Why Markets Are at All-Time Highs After EU Deal

“Less bad than thought” is the accepted mantra for tariff trade deals. On the weekend, the U.S. announced a 15% tariff on the European Union. Additionally, the EU would spend $750 billion on US liquefied natural gas.
The agreement improves U.S. LNG investments. Companies like Cheniere (LNG), MPLX LP (MPLX), Enterprise Products (EPD), and Energy Transfer (ET) are compelling investments for the income investor.

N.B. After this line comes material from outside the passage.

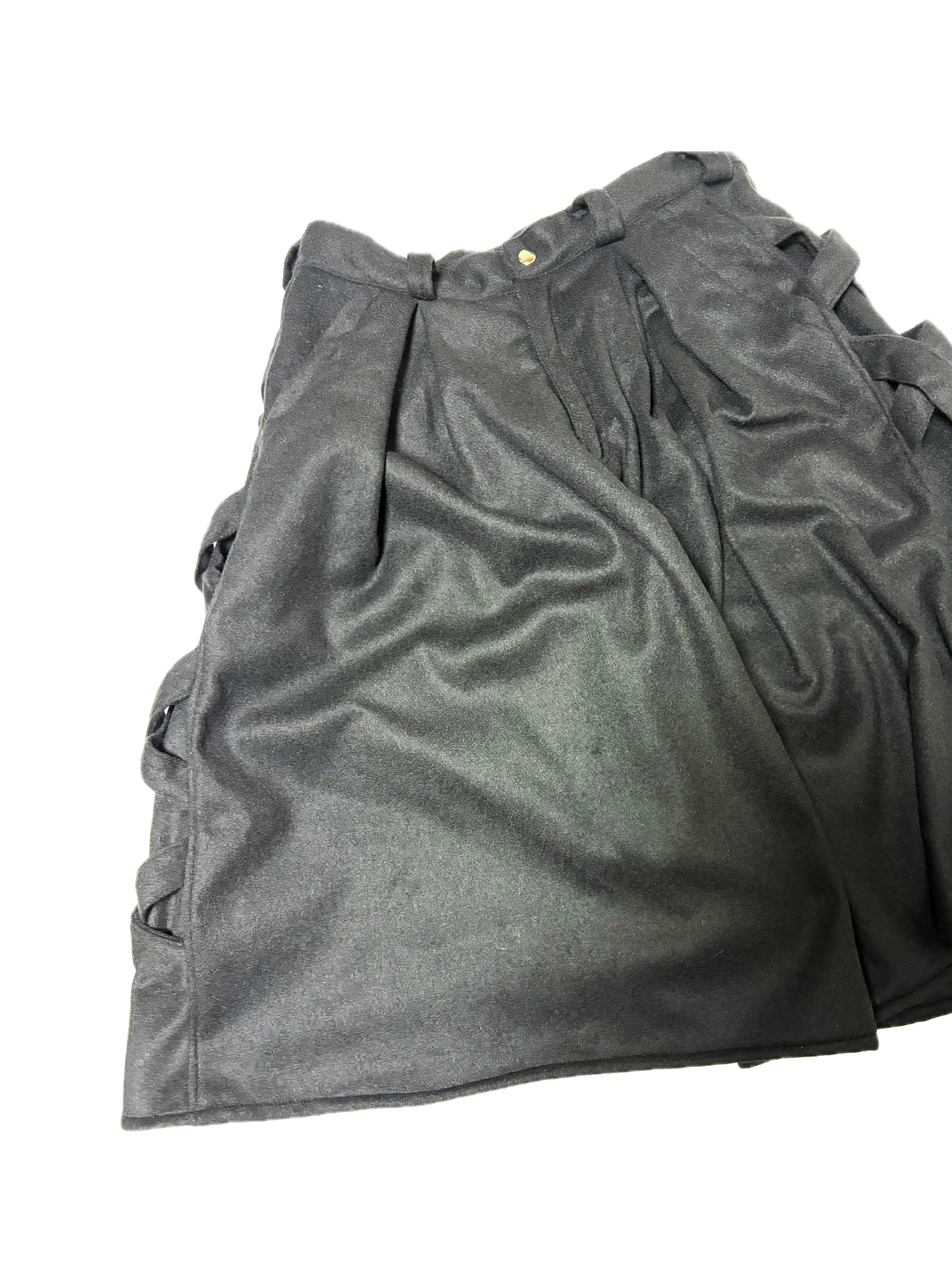 UNFINISHED ウール袴パンツ25099 ウール生地を使用しワイドな袴パンツを製作しました。 脇部分にはベルトが編み込まれた様なデザインを採用。 生地の高級感がデザインにマッチしています。 モードな雰囲気とパンクな要素を取り入れ目を引くパンツです。 【size】 ウエスト83㎝ 股上38㎝ 股下34㎝ 裾幅 半径54㎝ 全長108㎝ 【送料】 購入金額に関わらず無料。

Markets reacted tepidly at first to the deal. In the last moment, however, buyers aggressively bid on the Dow Jones, Nasdaq (QQQ), and S&P 500 (IVV). That reversed a down day into an all-time high for the S&P 500.

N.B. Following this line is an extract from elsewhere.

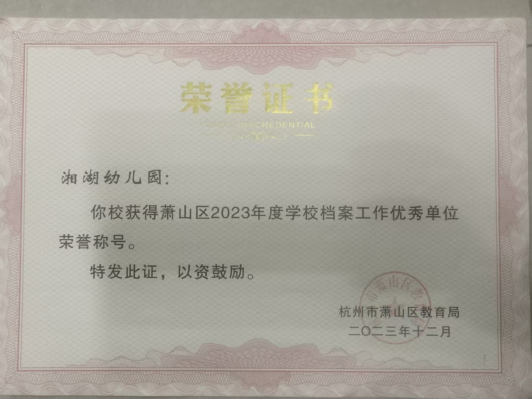 萧山区湘湖幼儿园被评为2023年度学校档案室优秀单位荣誉证书

Stock markets are less fearful that a tariff rate ending up at 15% to 20% among U.S. trade partners is manageable. Corporate profits will fall, yet a rising price-to-earnings ratio is acceptable. When speculations like Opendoor (OPEN), Sharplink Gaming (SBET), Krispy Kreme (DNUT), and Kohl’s (KSS) are short-lived, double-digit percentage gains, P/E risks are not a factor.
For now, markets are not pricing in tariffs, which act like tax hikes on purchasers importing foreign goods. They did not show up in U.S. inflation reports. The falling U.S. dollar (DXY) is one of the few asset types reacting to tariffs. That should help foreign exporters. It decreases the cost of their product.